Interventions assessed by simulation model
Control—no intervention
Counselling, screening, and, when mothers are HIV positive:
Formula feeding recommended from birth
Formula feeding recommended from 4 months only
Formula feeding recommended from 7 months only
Formula feeding recommended from birth; formula and bottles supplied
ACTG076 regimen* (zidovudine before, during, and after birth)8
PETRA arm B regimen*† (zidovudine plus lamivudine, during and after birth)
CDC-Thai regimen* (zidovudine before and during birth)18
*These assume that the relevant antiretroviral course was followed, but no attempt was made to influence feeding.
†Saba J, 6th conference on retroviruses and opportunistic infections, Chicago, 1999.

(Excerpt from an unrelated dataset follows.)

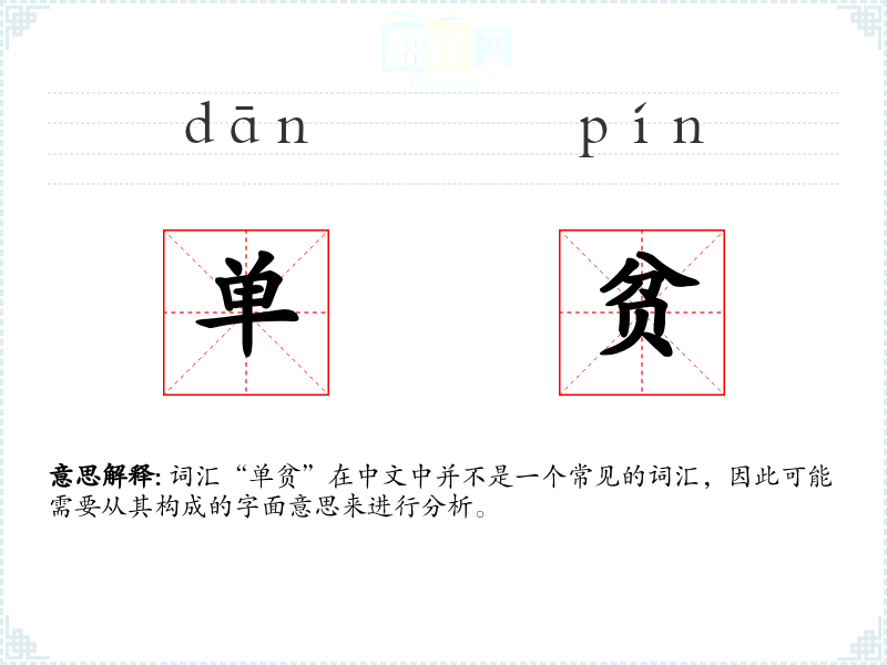 词汇“单贫”在中文中并不是一个常见的词汇,因此可能需要从其构成的字面意思来进行分析。

The model was applied to the Soweto community, a black, urban, working class population of about 1 million people located south west of central Johannesburg. The community is served mainly by a single public hospital, the Chris Hani Baragwanath hospital, which has over 3000 beds. As far as possible all data were drawn to reflect this community and the hospital serving it. Table 1 outlines the main model assumptions, and the full set of model inputs are detailed in the BMJ website version of this paper. All costs are expressed in US dollars (converted for South African rands at the 1998 rate of R6=$1) and where necessary £ (at $1.5=£1). More details on the derivation of cost data are given elsewhere.26 Rates of use and associated costs of health care for HIV infected children were estimated from data recorded on all paediatric admissions to the hospital between 1992 and 1997, during which time the proportion of paediatric admissions infected with HIV increased from 2.9% to 20%.27 The denominator population of HIV infected children to which these utilisation and cost data applied was calculated by using a simple survival model and data from serology surveys of antenatal clinics from the preceding 7 years.
Table 1.
Parameter | Source | Values used |
---|---|---|
Base case data | ||
HIV infection rates | Department of Health and Population Development 199619 | 15% |
Infant mortality | Harrison and Nielson 199520 | 35/1000 live births |
Discount rate | World Bank 199321 | 5% |
Natural rates of breast feeding | Wagstaff et al 199322; Ross et al 198323 | Proportion who breast feed from birth=95%; likelihood of stopping breast feeding/month=14% |
Vertical transmission of HIV | ||
Proportion of infants born to HIV positive mothers infected at birth: no intervention | Gray et al 1997* | 26% |
Proportion of infants born to HIV positive mothers infected at birth: antiretroviral interventions | Centers for Disease Control 199818; Mayaux et al 19979; Saba 1999† | CDC regimen=13% (50% reduction); ACTG076 regimen=8% (70% reduction); PETRA regimen=16% (37% reduction) |
Risk of transmitting the virus by breast feeding (cumulative): age specific rates derived from Weibull decay curve | Gray et al 1997* | Cumulative infection risk: 3 months=10%, 6 months=13%, 12 months=16%, 18 months=17% |
Survival | ||
HIV infected children: Weibull survival curve calibrated to survival data from Uganda and South Africa (figures are numbers surviving at end of period‡) | Spira and Msellati 1997§; Gray et al 1995¶ | 1 year=66%, 2 year=46%, 3 year=33%, 4 year=24%, 8 year=9% |
Uninfected children: life expectancy at birth | Central Statistical Service 199724 | 66 years |
Relative risk of mortality due to not breast feeding in HIV negative children (relative risks of health care use assumed to be same as for mortality) | Cunningham et al 199125** | 0-3 months=2.5, 3-6 months=2.0, 6-12 months=1.5 |
Cost data | ||
Unit costs of counselling, screening, antiretroviral drugs, and formula feed | Kinghorn et al 199826 | Counselling and screening=$7.30 (£4.86) per pregnant woman; antiretroviral drugs=from $400 (£267) (ACTG076) to $89 (£59) (PETRA regimen) per person; formula feed and bottles (6 month period) $60 (£40) |
Average public healthcare expenditure on HIV positive children | Zwi 199927; Söderlund 199728; Söderlund and Peprah 199829; Brown and van den Heever 199430 | Range of 4 to 18 days of hospitalisation required per year depending on age; cost of hospitalisation=$57 (£38) per day; cost of outpatient attendances=$48–$183 (£32-£122) per year depending on age |
Average public healthcare expenditure per HIV negative child | Söderlund and Peprah 199829; ReHMIS dataset 199531; Brown and van den Heever 199430 | 1-12 months old =$72 (£48) per year; ⩾1 year olds=$8.30 (£5.5) per year |
Gray GE, McIntyre JA, Lyons SF, XIth international conference on AIDS, Vancouver, 1997. †Saba J, 6th conference on retroviruses and opportunistic infections, Chicago, 1999.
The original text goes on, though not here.